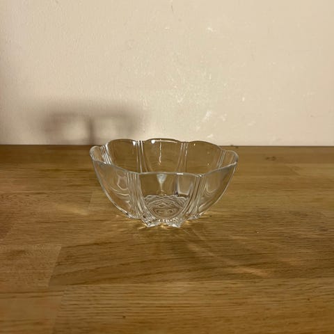 Korkeus 13 cm, lasikulhon halkaisija 14 cm.
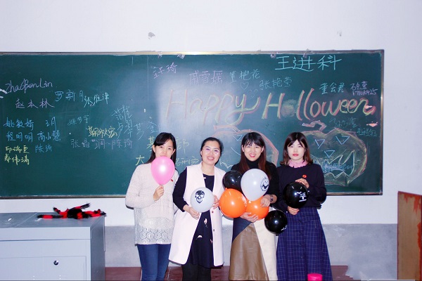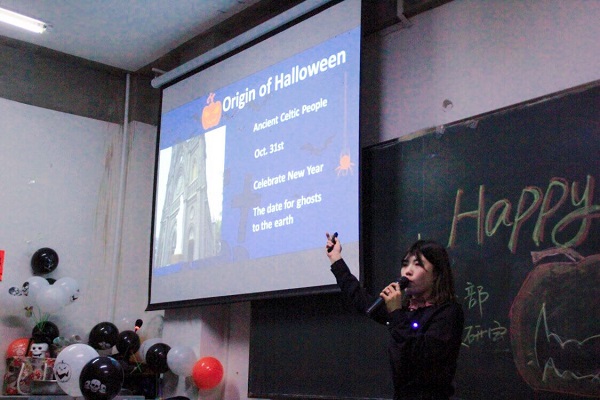 为了提升学生英语学习的兴趣和跨文化交际能力,基础部大学外语教研室于10月31日晚在教学楼4楼中厅举办了万圣节活动。此次活动由大外教研室的李维伟老师主持,王落茹、黄雪松、刘爽、刘丹老师参与组织。活动现场气氛热烈高昂、环节安排紧凑高效,知识性强,学生积极配合,实现了活动目的。
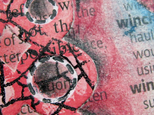 | The die cut washer strip is cut from book text, a thin layer of gesso applied and a final coat of distress ink. |
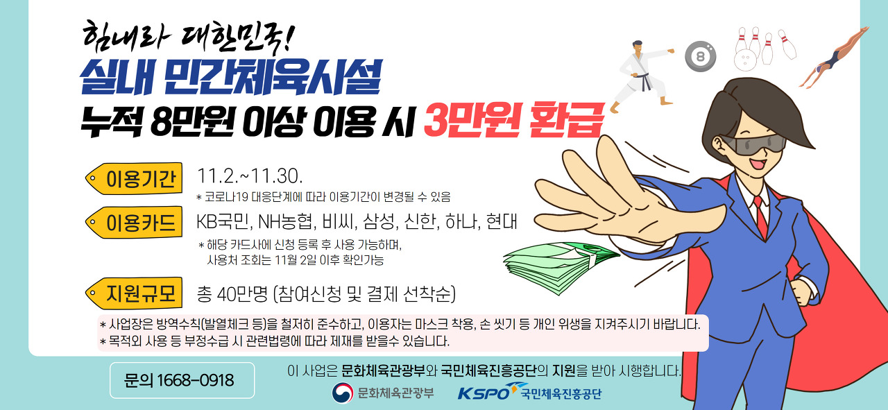 2. 소비할인권을 받은 참여자가 11월 2일(월)부터 30일(월) 해당 사업기간 동안 체육도장, 체력단련장 등 실내 민간체육시설 이용료 누적 8만 원 이상 결제하면 선착순 40만 명에게 12월 15일(화)에 3만 원을 환급되는 과정
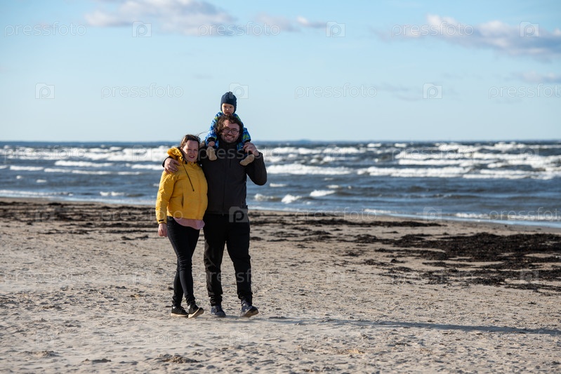 Счастливая семья прогуливается по прохладному осеннему пляжу, а их маленький сын радостно бежит впереди, создавая незабываемые воспоминания, пока свежий ветер и успокаивающие волны окутывают их в момент чистого единения
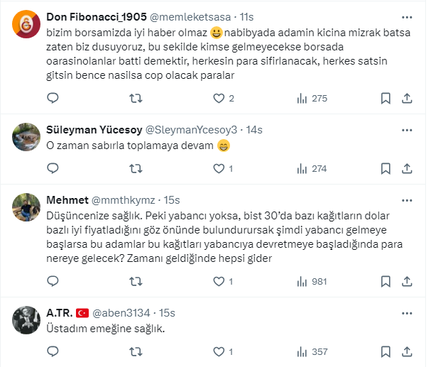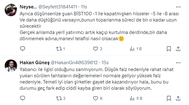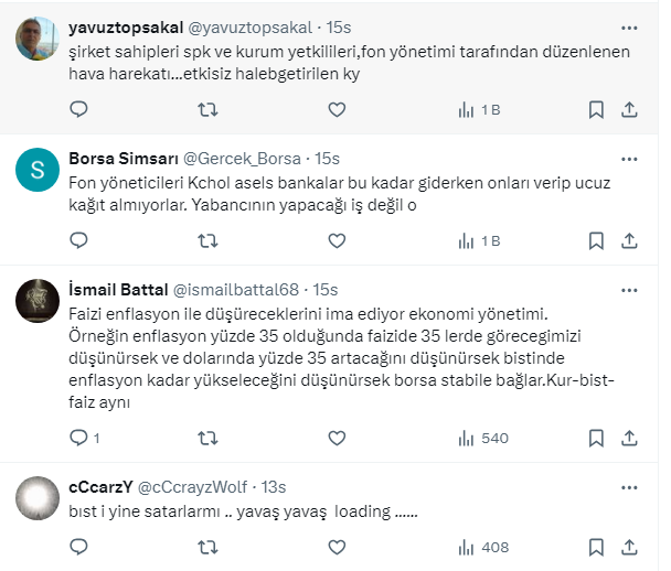 Çok haklılar ama bunun sebebi, borsada yabancının olmayışı. Ben 1995 den beri piyasadayım, şu anda yabancı takası yüzdesel olarak tarihin en düşük seviyelerinde ve bu uzun süredir de böyle. Daha önce düşük faiz ortamında olduğumuz için, yerli büyük para ve KY’ler piyasanın içindeydi ama şu anda faiz yüksek, para kıymetli ve büyük paranın önemli bir kısmı faizde. KY den kaçabilen kaçtı, kaçamayanlar da yüksek maliyetle bekliyor. Dolayısıyla tahtalar boş, alıcılar isteksiz ve piyasa aşağı yönlü çalışıyor.

════

DIRECTIONS FOR THIS TASK -
After removing each picture, print the entries above exactly as they were.

SOLVED EXERCISE -
 Korkeus 13 cm, lasikulhon halkaisija 14 cm.
 为了提升学生英语学习的兴趣和跨文化交际能力,基础部大学外语教研室于10月31日晚在教学楼4楼中厅举办了万圣节活动。此次活动由大外教研室的李维伟老师主持,王落茹、黄雪松、刘爽、刘丹老师参与组织。活动现场气氛热烈高昂、环节安排紧凑高效,知识性强,学生积极配合,实现了活动目的。
 | The die cut washer strip is cut from book text, a thin layer of gesso applied and a final coat of distress ink. |
 2. 소비할인권을 받은 참여자가 11월 2일(월)부터 30일(월) 해당 사업기간 동안 체육도장, 체력단련장 등 실내 민간체육시설 이용료 누적 8만 원 이상 결제하면 선착순 40만 명에게 12월 15일(화)에 3만 원을 환급되는 과정
 Счастливая семья прогуливается по прохладному осеннему пляжу, а их маленький сын радостно бежит впереди, создавая незабываемые воспоминания, пока свежий ветер и успокаивающие волны окутывают их в момент чистого единения
 Çok haklılar ama bunun sebebi, borsada yabancının olmayışı. Ben 1995 den beri piyasadayım, şu anda yabancı takası yüzdesel olarak tarihin en düşük seviyelerinde ve bu uzun süredir de böyle. Daha önce düşük faiz ortamında olduğumuz için, yerli büyük para ve KY’ler piyasanın içindeydi ama şu anda faiz yüksek, para kıymetli ve büyük paranın önemli bir kısmı faizde. KY den kaçabilen kaçtı, kaçamayanlar da yüksek maliyetle bekliyor. Dolayısıyla tahtalar boş, alıcılar isteksiz ve piyasa aşağı yönlü çalışıyor.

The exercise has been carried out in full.